◆ YOUR TASK
Repeat only the lines below that run from the line with "Makeup Studio Window" to the line with "Das Junghans J82", ends included; skip every picture.
*** Block opens ***
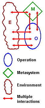 environment. The Operation carries out the system's basic activities. It will consist of several Operational units. It is the muscles, the production units, the parts that generate wealth. The Metasystem is there to provide a service to the Operational units. It is there to hold the organisation together. It is the brain, the regulator, the management. The details of the what goes on within each of these three shapes will be filled in as the diagnosis proceeds. The job at this point is to draw the VSM in outline as an overview of your system-in-focus interacting with its environment.
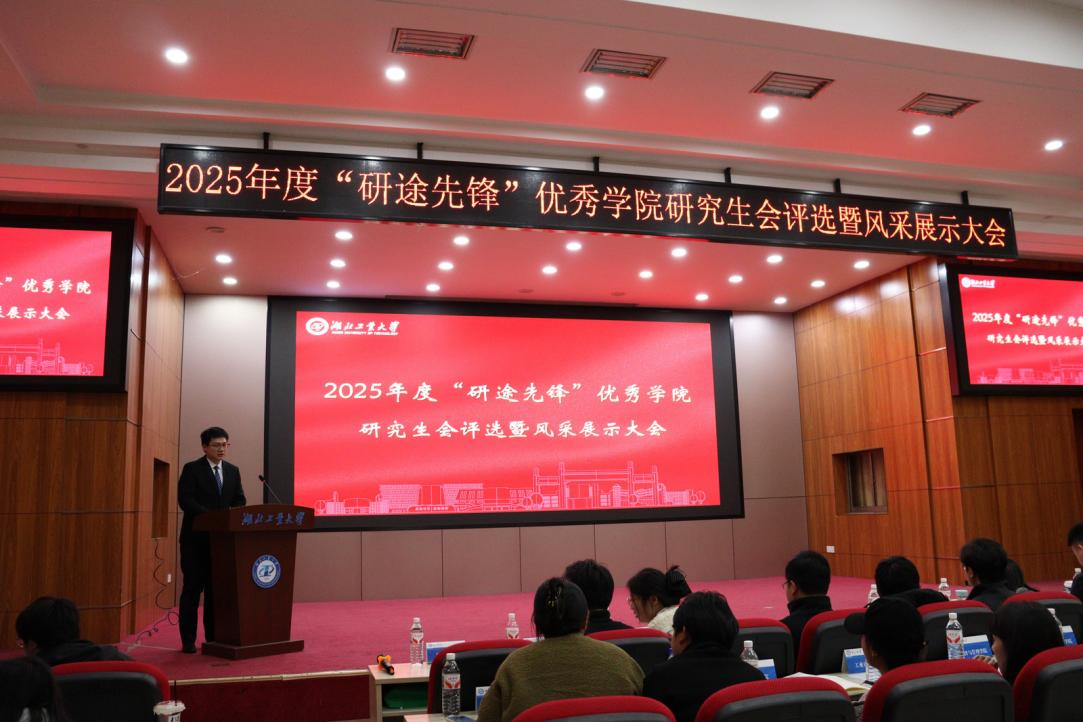 3 月 18 日下午,学校 2025 年度 “研途先锋” 优秀学院研究生会评选暨风采展示大会在博学堂圆满完成。党委研工部相关老师、各学院研究生会指导老师、校研究生会骨干和 13 个学院研究生会骨干共同参加本次活动。活动由校研究生会主席团成员王鑫和刘志豪主持。
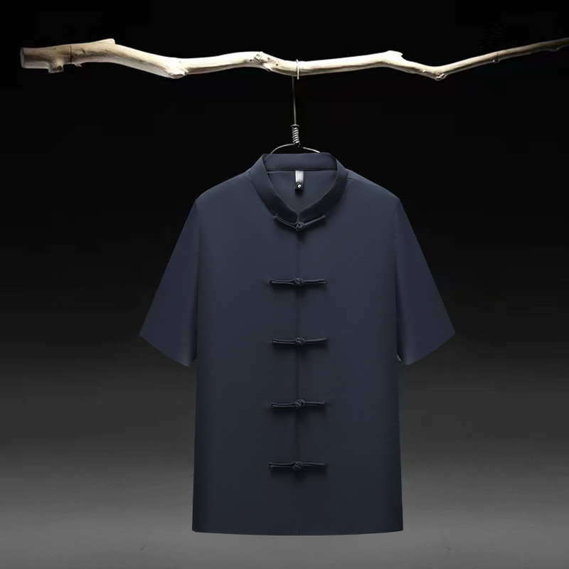 夏の新作メンズ唐装カジュアルスポーツ中国風漢服中高年アイスシルク半袖薄手おじいちゃんお父さん
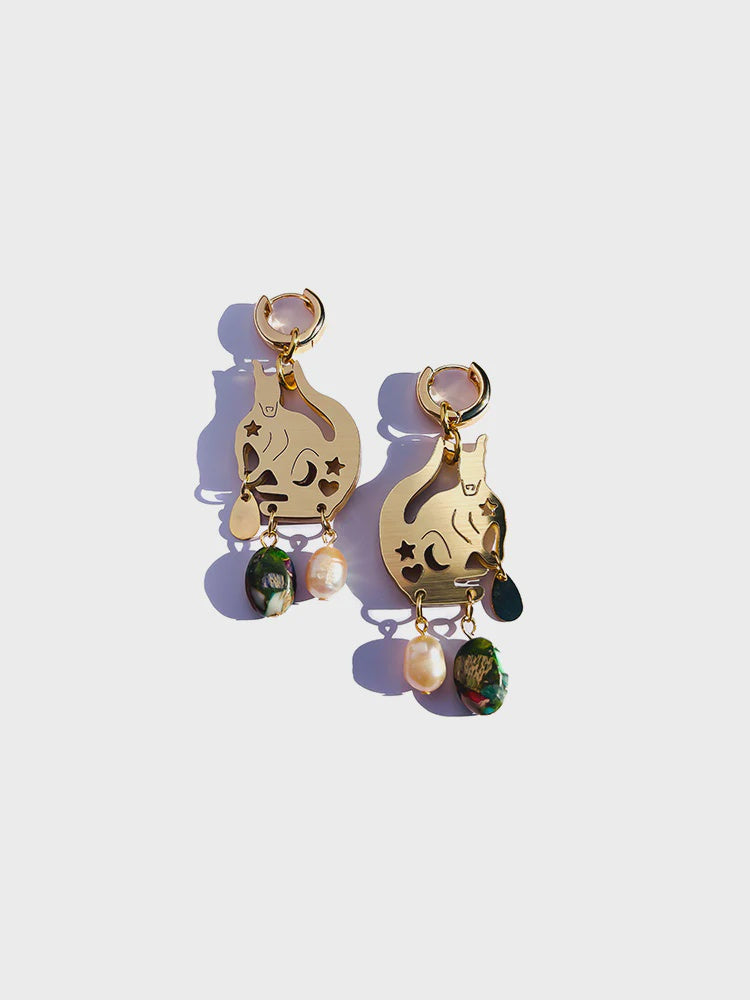 Materials; faux brass, mineral acrylic, freshwater pearl, brass charm, stone bead
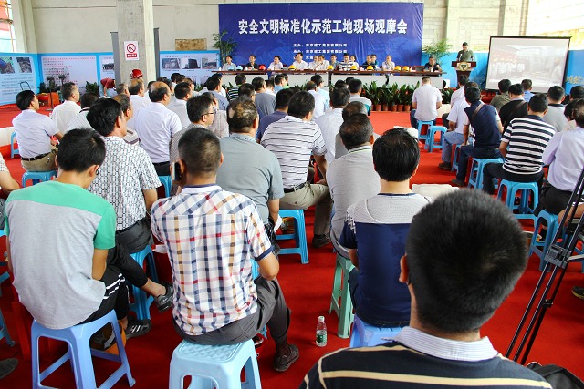集團(tuán)召開安全標(biāo)準(zhǔn)化施工現(xiàn)場(chǎng)觀摩會(huì)活動(dòng)前,與會(huì)人員參觀了項(xiàng)目施工現(xiàn)場(chǎng),對(duì)臨時(shí)設(shè)施、安全防護(hù)、物料堆放、文明施工等細(xì)節(jié)進(jìn)行觀摩。集團(tuán)領(lǐng)導(dǎo)重申了舉辦現(xiàn)場(chǎng)觀摩交流會(huì)的目的和意義。市、區(qū)兩級(jí)行政主管部門領(lǐng)導(dǎo)對(duì)集團(tuán)的安全標(biāo)準(zhǔn)化建設(shè)工作給予了充分肯定,同時(shí)也提出了一些建議和要求。
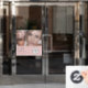 Makeup Studio Window Cling - Blush Pink Black Script Font Your Logo Here 3 Photo Makeup Business with name and social media handle.
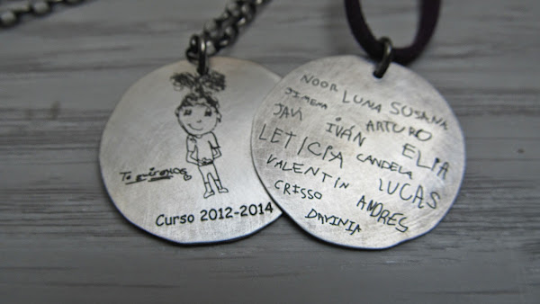 Esta vez os muestro unas chapas preciosas en plata, con los dibujos y las firmas de los propios alumnos.
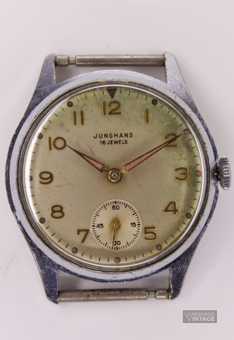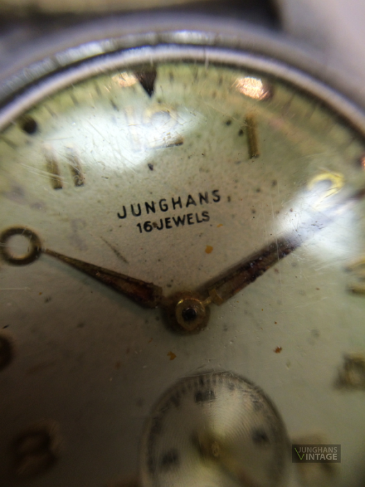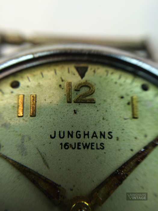 Das Junghans J82 wurde ab 1951 gebaut und natürlich vorher konstruiert. In dieser Zeit waren manchmal noch die altmodischeren Zifferblatt-Fixierschrauben zu finden, die von der Werksseite zugänglich sind. Bei späteren Konstruktionen wurden die Zifferblattfüßchen mit im Werk seitlich angebrachten Madenschrauben fixiert.
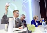 XXI cъезд партии "Яблоко" в зале Научно-методического центра профсоюзов работников агропромышленного комплекса (АПК) России в городе Московский в Новой Москве. Слева направо: заместитель председателя партии "Яблоко", кандидат на должность председателя партии Николай Рыбаков, заместитель председателя партии "Яблоко" Сергей Иваненко и председатель партии "Яблоко" Эмилия Слабунова во время съезда.
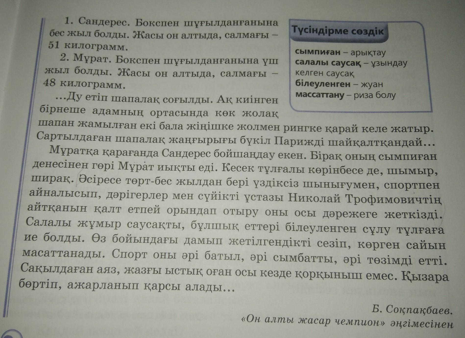 4 - тапсырма Әңгіменің басында Мұрат қандай еді ? Мұраттың сырт келбетін , іс - әрекет терін салыстырып , боксшының өсу жолы туралы шағын мәтін жазыңыздар .
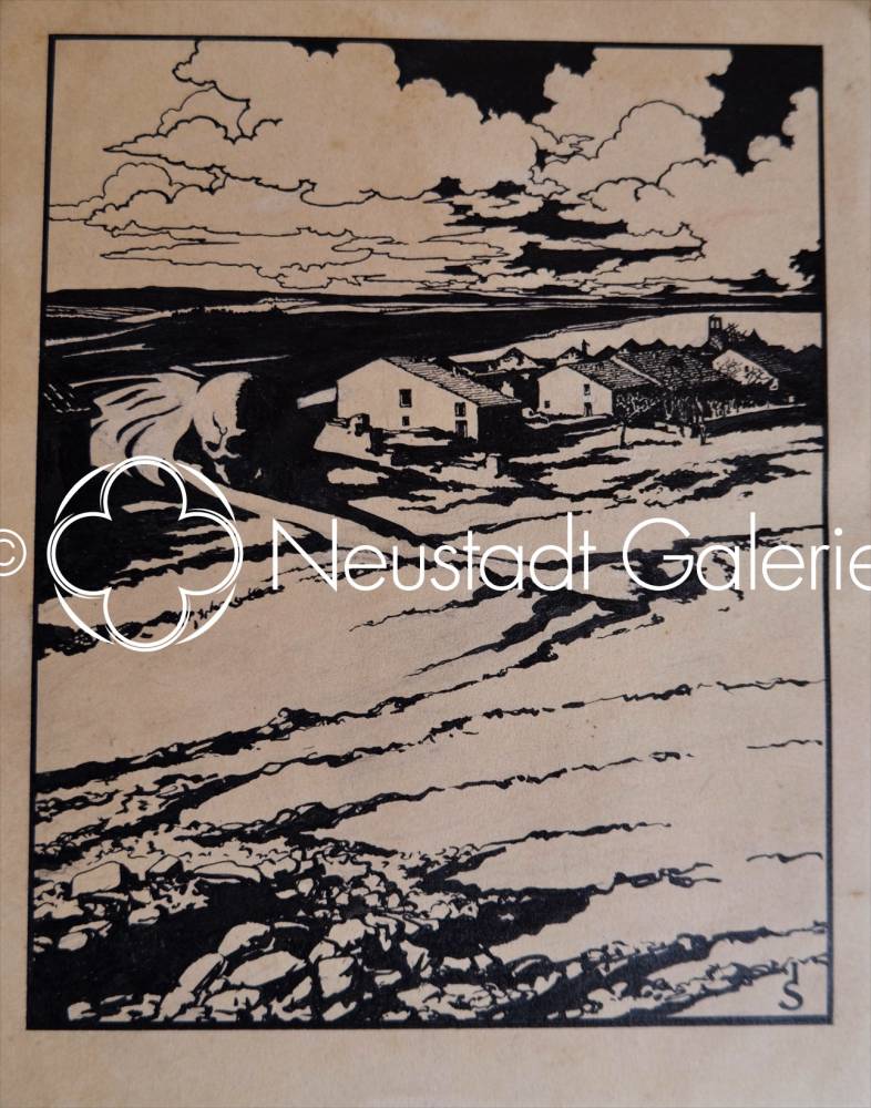 Cette œuvre à l’encre de Joseph Sattler s’inscrit dans la veine la plus saisissante et symboliste de son œuvre graphique, où le paysage devient le théâtre d’une méditation sur le temps, la mort et la condition humaine. Loin d’une simple vue topographique, l’artiste propose ici une composition profondément ambivalente, à la fois descriptive et allégorique.
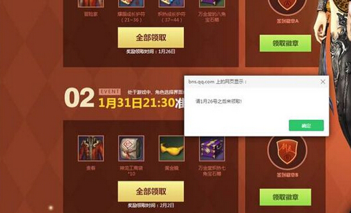 1月24号准点在线奖励的领取,活动一般都是10点或者12点开始,所以现在领不了也是正常的哦,过一会应该就可以了~
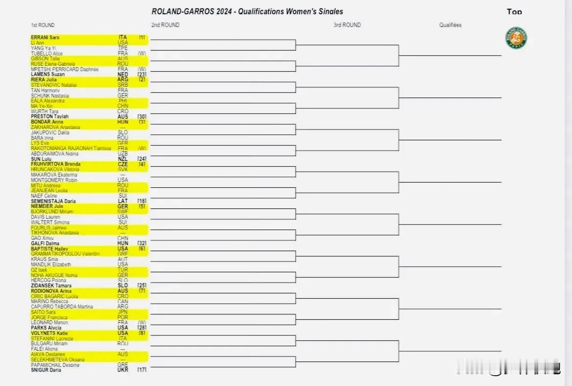 法网女单资格赛明日开打,本次共有四名中国金花获得资格,其中具体签表如下,一场都不好打,祝好运!
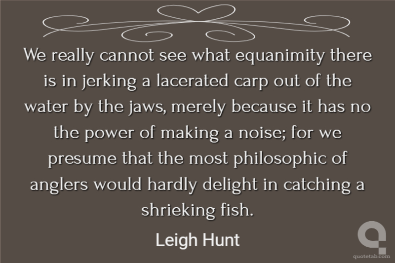 We really cannot see what equanimity there is in jerking a lacerated carp out of the water by the jaws, merely because it has no the power of making a noise; for we presume that the most philosophic of anglers would hardly delight in catching a shrieking fish.
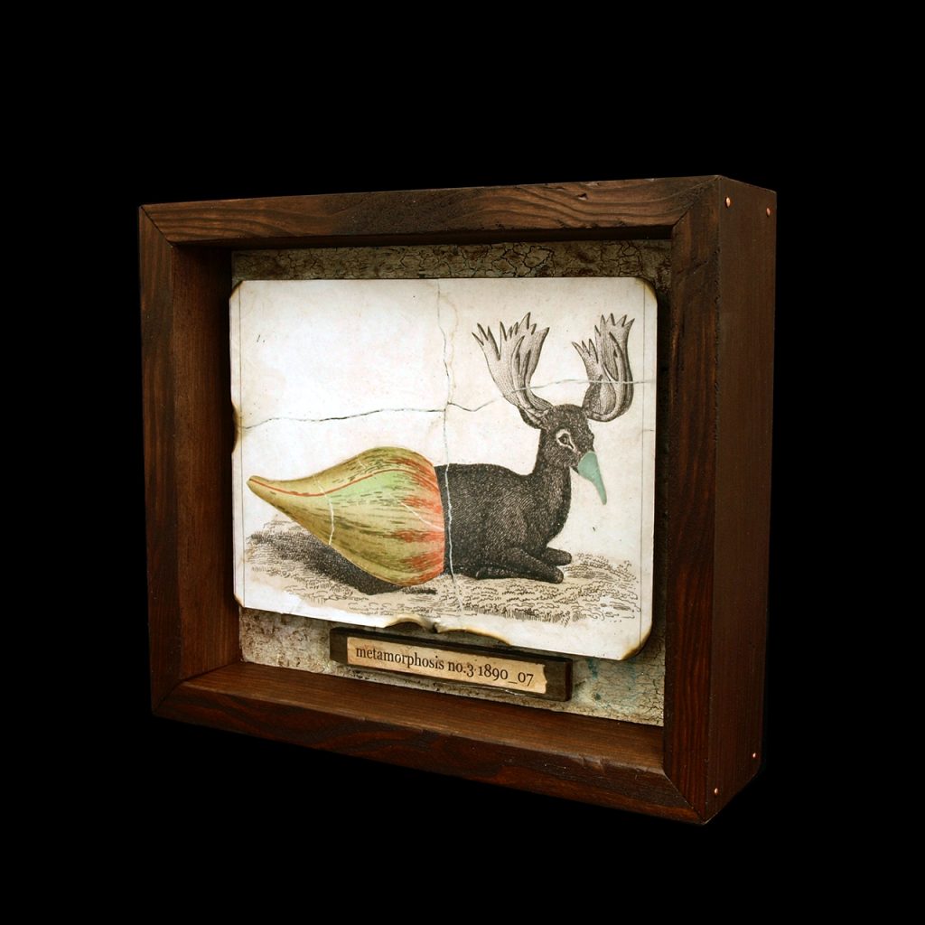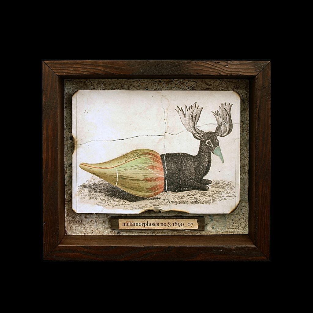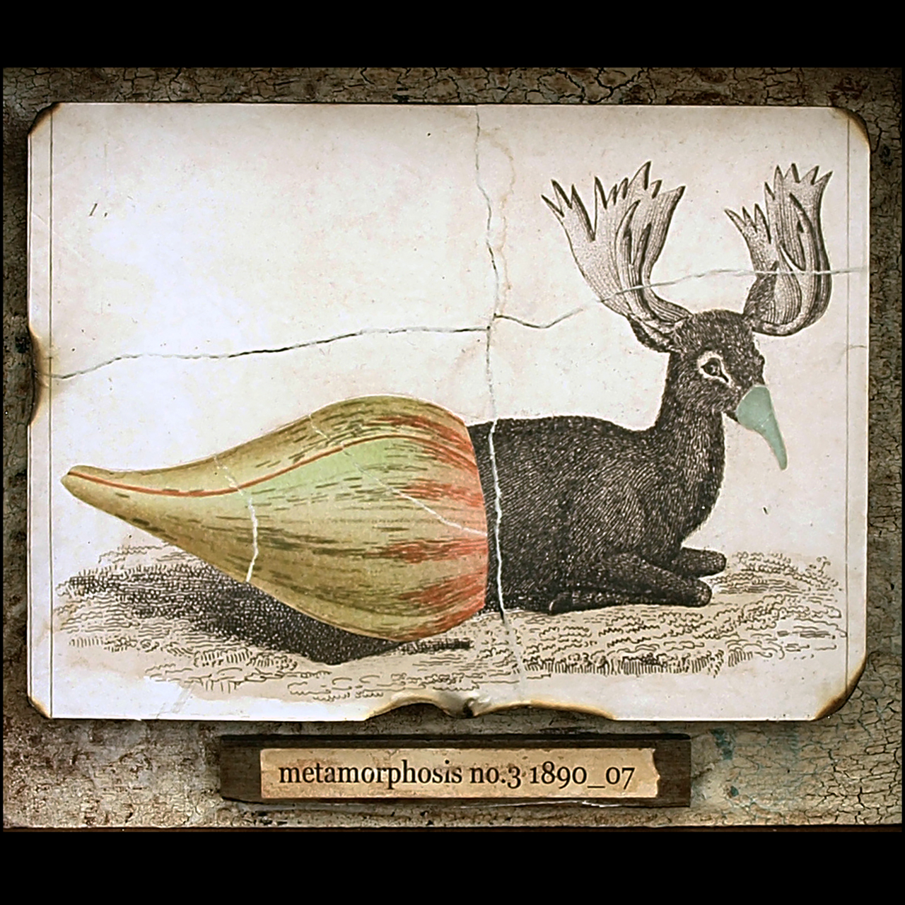 1880年、生物学者ラフレジオが制作した植物と動物のキメラ体のコラージュ。このイメージをもとにラフレジオは生体実験を繰り返し、十年後の1890年7月に『変容 no.3』と名付けられ生物が完成したと云われている。
*** Block closes ***
◆ ANSWER
 Makeup Studio Window Cling - Blush Pink Black Script Font Your Logo Here 3 Photo Makeup Business with name and social media handle.
 Esta vez os muestro unas chapas preciosas en plata, con los dibujos y las firmas de los propios alumnos.
 Das Junghans J82 wurde ab 1951 gebaut und natürlich vorher konstruiert. In dieser Zeit waren manchmal noch die altmodischeren Zifferblatt-Fixierschrauben zu finden, die von der Werksseite zugänglich sind. Bei späteren Konstruktionen wurden die Zifferblattfüßchen mit im Werk seitlich angebrachten Madenschrauben fixiert.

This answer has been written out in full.